Using any awk in any shell on every Unix box:
$ cat tst.awk
{
for ( rowNr=1; rowNr<=NF; rowNr++ ) {
vals[rowNr,NR] = $rowNr
}
}
END {
for ( rowNr=1; rowNr<=NF; rowNr++ ) {
for ( colNr=1; colNr<=NR; colNr++ ) {
printf "%s%s", vals[rowNr,colNr], (colNr<NR ? OFS : ORS)
}
}
}
$ awk -f tst.awk file
ABC DEF GHI
0.98 0.88 8.99
0.58 5.85 5.66
5.87 6.89 4.78
0.01 0.25 6.22
You COULD do the above more briefly with:
$ cat tst.awk
{
for ( rowNr=1; rowNr<=NF; rowNr++ ) {
vals[rowNr] = (rowNr in vals ? vals[rowNr] OFS : "") $rowNr
}
}
END {
for ( rowNr=1; rowNr<=NF; rowNr++ ) {
print vals[rowNr]
}
}
$ awk -f tst.awk file
ABC DEF GHI
0.98 0.88 8.99
0.58 5.85 5.66
5.87 6.89 4.78
0.01 0.25 6.22
but note that in that case you're constantly re-assigning new values to the same variable, vals[rowNr]

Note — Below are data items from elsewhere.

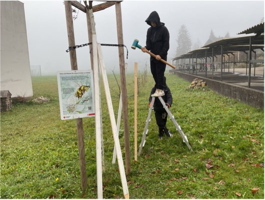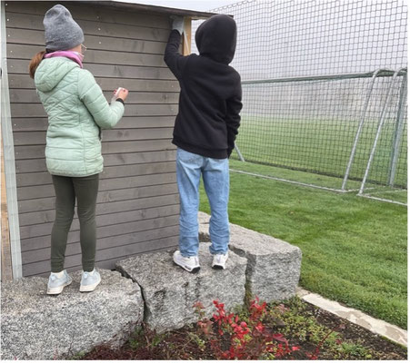 Herr Veil hat mit seiner Gruppe das Gartenhaus bemalt, er hat ein Insektenhaus Richtung Süden aufgehängt, weil die Sonne von Süden scheint, damit die Insekten genug Sonne bekommen.
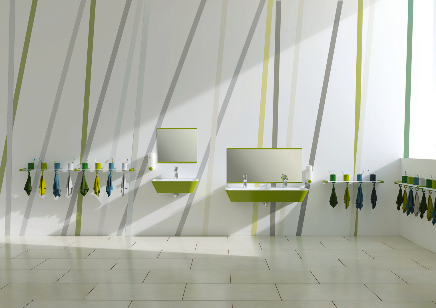 HEWI Zahnputzbecherleiste mit Handtuchhaken, 4 Plätze, apfelgrün W378090
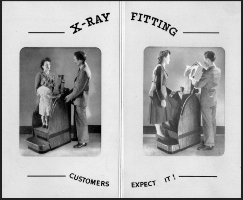 Но наука и технический прогресс, подарившие торговцам столь чудесный инструмент, повышающий продажи, стремительно развивались. Ученые накапливали и систематизировали свои знания о рентгеновских лучах, которые могли видеть то, что недоступно человеческому глазу. И уже спустя пару десятилетий после появления оригинальной новинки стало понятно, что удобный прибор не так уж и безопасен для здоровья покупателей и самих продавцов, чьи руки регулярно попадали под воздействие лучей. Уже в середине прошлого века к педоскопам стали относиться с большей осторожностью, а их применение для примерки детской обуви было ограничено во многих странах. Конечно, владельцы обувных магазинов были глубоко опечалены таким поворотом событий, но им пришлось смириться с тем, что приборы были в конечном итоге запрещены полностью. Дольше всех это устройство использовалось в Канаде и Великобритании, где последние педоскопы исчезли из обувных магазинов к 1970 году.

, which is a relatively slow operation in awk compared to assigning to each new variable once as awk has to determine how much memory will be needed to store the new value, move the old value to that new memory location, append the new value, then free the old location and you end up needing a few large blocks of memory instead of many small ones so it gets harder for awk to find the available memory as the variable size increases. It's also mixing formatting of the output with reading of the input and so the resulting code is more tightly coupled than the first script. It's not terrible for this though and at least the code is concise.